What compelled you to focus on the subject of assisted marriage as your first script?
In part, the reason why I chose the genre of rom-com was because I’d never seen a rom-com that features Pakistan. And I felt that Pakistanis I know definitely feel that their country and culture have been somewhat unfairly demonized on screen. They feel they’re always seen as the terrorist, the butt of the jokes, the shady ISI operatives, or whatever. I understand that there is a scary side to Pakistan because I experienced that as well. But there is also this incredibly beautiful side of that country and the people, which I experienced when I was there — whether it’s the music, the food, the architecture, the color, the vibrancy, the hospitality, all of that I felt was worth showcasing.
How was your collaboration with director Shekhar Kapur?
It was great. You know, he’s such an old pro.
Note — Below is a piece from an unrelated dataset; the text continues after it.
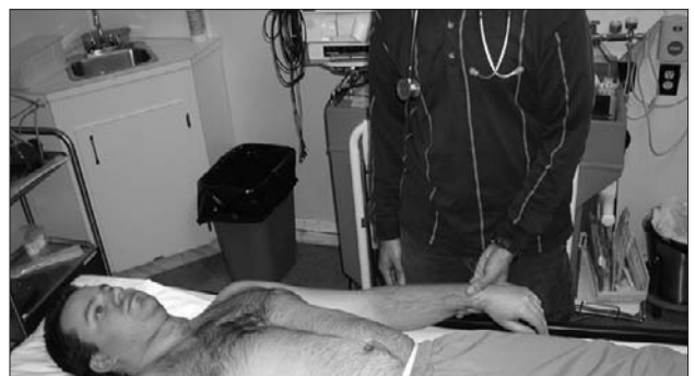
Fig. 17. Initial position of the Spaso method. The physician grasps the patient's wrist.

The physician grasps the patient's wrist and with gentle traction, slowly raises the arm to 90 degrees (Fig. 17).

He’s brilliant at strong female leads. He’s really, really good at getting to the heart of the story and making it about something else beyond the laughs. It was interesting for him, I think, because he’d never done a comedy before. I think he gave the script and the story a profundity and a truth that we might not have gotten if it had been a more broadly comedic director.
Any lessons learned with this film that you’ll take with you to the next?
I learned the start-to-finish process, from getting it cast to being involved in the edit. I got so much experience because I was given the opportunity to be that close to the actual process, and you don’t always get that as a producer. It was a really collaborative team, a really collaborative process, and so I learned a huge amount. The main thing, I think, is that the edit teaches you a lot about screenwriting. I think it teaches you what you need that you haven’t put into the script and what you don’t need that you have put in. I think this experience will really inform the next thing that I write.
What’s Love Got to Do With It? is now in theaters.